PostgreSQL Replication and Load-Balancing

The task was to set up a number of PostgreSQL systems that should always have identical data so one can do load-balancing.

I found the tool pgpool-II (http://pgfoundry.org/projects/pgpool/) quite useful for this.
Unluckily Debian GNU/Linux only has Version 1.3 in its repositories (lenny).
I took the sources of Version 2.1 and created a new package.

Simple load-balancing and replication is quite easy and straight forward.
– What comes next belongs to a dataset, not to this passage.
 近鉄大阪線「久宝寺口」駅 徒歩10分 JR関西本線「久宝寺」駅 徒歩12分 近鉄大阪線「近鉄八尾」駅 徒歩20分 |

But...
what to do if one nodes gets broken or needs the database to be reinitialized?



Even here pgpool-II offers lots of help by making use of the PITR (point in time recovery) functionality of PostgreSQL.

I came up with the following solution:

1. Install first node with postgres and other necessary packages:

apt-get install postgresql-8.3 postgresql-client-8.3
postgresql-client-common postgresql-common postgresql-contrib-8.3

postgresql-server-dev-8.3 make

2. create a path for the PITR archive logs (we need them later for recovery)
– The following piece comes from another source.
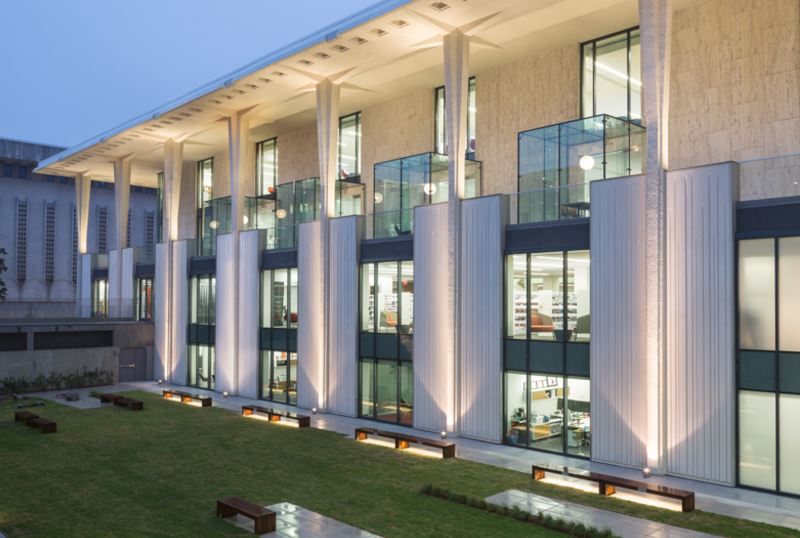 The most striking design addition is a series of glazed reading rooms on the second floor of the library, which take the form of protruding glass boxes. As well as creating new areas of well-lit indoor space that can be used all year round, these also let light flood into the whole interior.

mkdir /var/lib/postgresql-archive
chown postgres. /var/lib/postgresql-archive

3. ssh-keys for postgresql user

create ssh-keys without passphrase for postgresql user and distribute the key as authorizedkeys file to all nodes.
Hint: we need to copy some data over the filesystem without interaction or login.
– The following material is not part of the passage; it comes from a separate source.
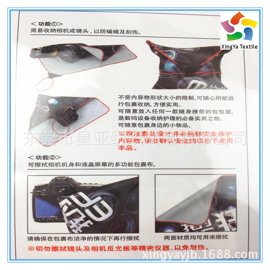 - 此款產品全部采用超細纖維高質量材料製作而成,一麵是全滌超細纖維針織佈、另外一麵是超細纖維毛圈清潔佈復合而成,手感柔軟,二麵均可擦拭高精密鏡頭及高光麵的機身表麵,不刮花,不掉毛。不同於市麵上普通的包裹佈,是您高大上的數位產品首選贈品哦!

4. make changes to the postgresql configuration file

/etc/postgresql/8.3/main/postgresql.conf

listenaddresses = '*'

archivemode = on

archivecommand = 'test ! -f /var/lib/postgresql-archive/%f && cp %p /var/lib/postgresql-archive/%f'

archive_timeout = 60

5. make changes to the pgpool configuration file

listen_addresses = '*'

replication_mode = true

load_balanced_mode = true

pgpool2_hostname = 'localhost'

recovery_timeout = 90

replication_timeout = 5000

backend_hostname0 = 'postgres-1'

backend_port0 = 5432

backend_weight = 1

backend_data_directory0 = '/var/lib/postgresql/8.3/main/'

backend_hostname1 = 'postgres-2'

backend_port1 = 5432

backend_weight = 1

backend_data_directory1 = '/var/lib/postgresql/8.3/main/

[...]

recovery_user = 'postgres'

recovery_password =

recovery_1st_stage_command = 'copy-base-backup'

recovery_2nd_stage_command = 'pgpool-recovery-pitr'

6. make changes to the configuration file for the pgpool control processor

/etc/pcp.conf

use the comand pg_md5 to generate md5 hashes of passwords.

pg_md5 <password>

add entries to the configuration file:

<username>:<md5 hash of password>

7. create 1st stage backup script in /var/lib/postgresql/8.3/main/copy-base-backup

#!/bin/sh

datadir=$1 DEST=$2 DESTDIR=$3

# switch master to prepare for backup

psql -c "select pg_start_backup('pgpool-recovery')" postgres

# prepare local command for archive fetching from master warning! scp hostname should be different for every system!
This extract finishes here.